More Needed To Fix Dodgy Money Deals
Mainland anti-graft officials admitted the problem of mainland criminals laundering money through Hong Kong have not been “properly tackled.”
At a seminar on financial crime yesterday, Guo Xingwang, director-general of the Supreme People’s Procuratorate’s International Cooperation Department, said: “We have been collaborating with Hong Kong and Macau a lot on financial investigations. But we have to step up the efforts, both on financial investigation and assets recovery.
“The problem of laundering internationally through Hong Kong had not been properly tackled yet,” Guo told the seminar hosted by the Independent Commission Against Corruption.
Wei Cai, deputy director in the Ministry of Supervision Department of International Cooperation, said President Xi Jinping has adopted a “zero- tolerance approach” toward corruption.
About 202,000 Chinese Communist Party members have been investigated since 2012, with 103,000 receiving disciplinary sanctions, Wei said.
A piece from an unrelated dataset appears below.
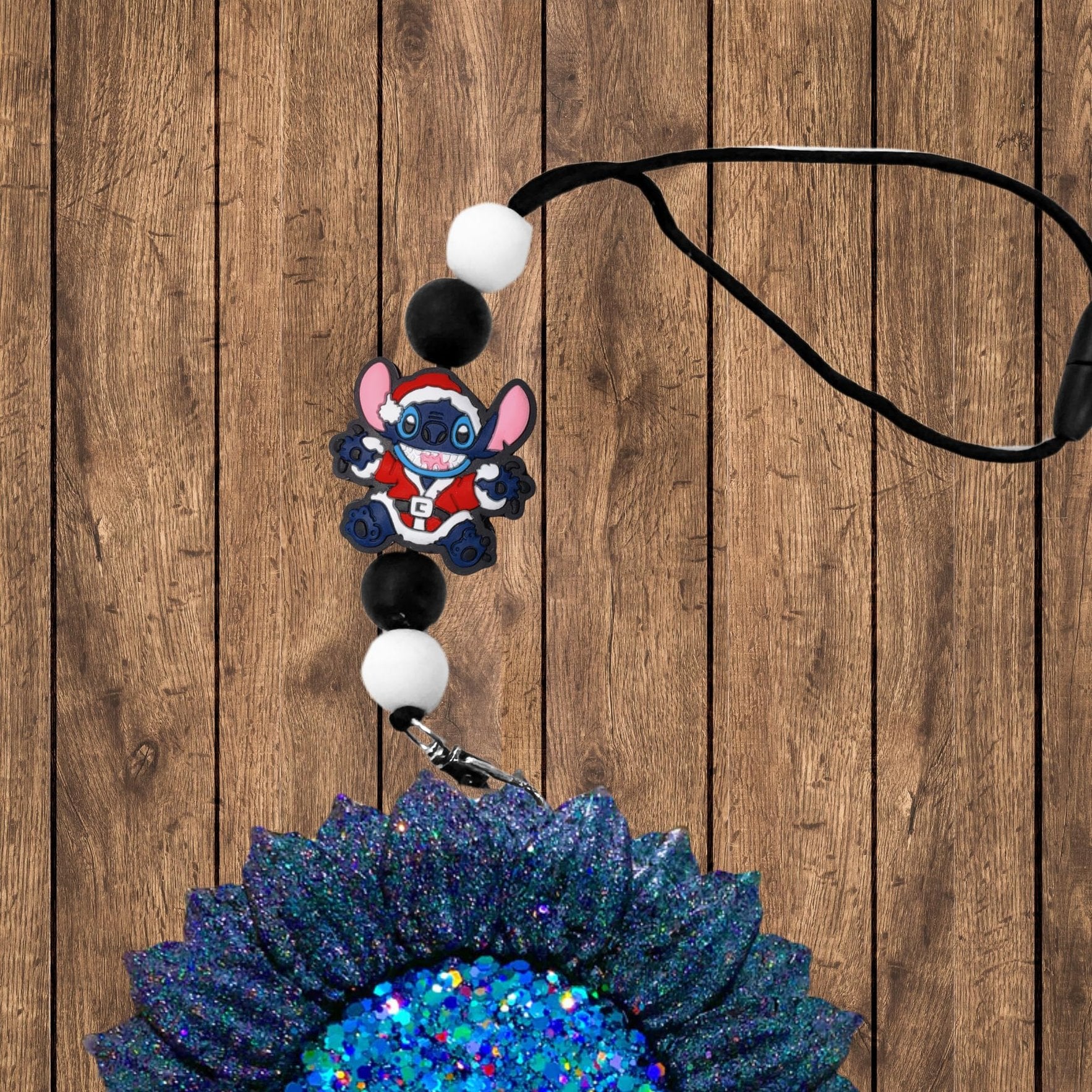 Festive Santa Blue Monster Design – Features adorable blue monster beads wearing classic Santa hats, combining playful charm with holiday spirit.
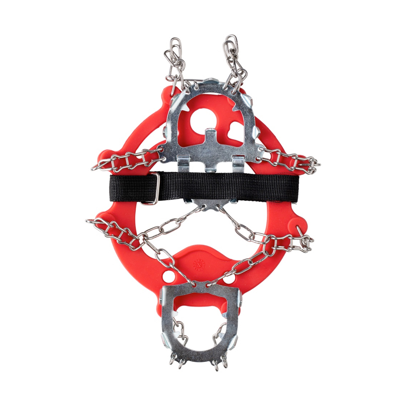 The chain and spikes are made of stainless steel. Durable rubber. Velcro closure above the foot for optimal fit around the shoe. Easy to put on and off. Storage bag included.

Among them were 240 officials at the vice minister level or above – 3.6 times the level of the previous five years, he said. Some 6,600 members were at the director-general level.
From 2014 to March this year, authorities recovered more than 8 billion yuan (HK$9.02 billion) from 2,800 “fugitives” in 19 regions.
“President Xi has commented on anti-corruption over 50 times on major diplomatic occasions,” Wei said. “Corruption is the enemy of all humanity. No country is immune to it. Only by cooperation can we achieve a win-win outcome.”
?ICAC chief Simon Peh Yun-lu said Hong Kong and the mainland have been working together under a “mutual assistance” basis.
“We must understand Hong Kong adheres to the one country, two systems,” Peh said.
Director of Public Prosecutions ?Keith Yeung Kar-hung said there have been increasing financial intelligence exchanges between Hong Kong and overseas investigators. In 2015, there were 1,974 exchanges, up from 1,270 in 2012.
Speaking from the perspective of a prosecutor, Yeung said financial investigation is a “powerful weapon.”
He added: “These are objective facts and beyond disputes. But there are still difficulties arising from borderless corruption and legal restraints.”
Peh was asked about the UGL case – currently under ICAC investigation – in which Chief Executive Leung Chun- ying received HK$50 million from the Australian company.
However, Peh refused to comment on the probe’s progress, saying he would not say anything about “individual cases.”
?Other speakers included Dimitri Vlassis, from the UN Office on Drugs and Crime, and David Green, director of Britain’s Serious Fraud Office.?
The two-day event has attracted more than 240 anti-graft professionals.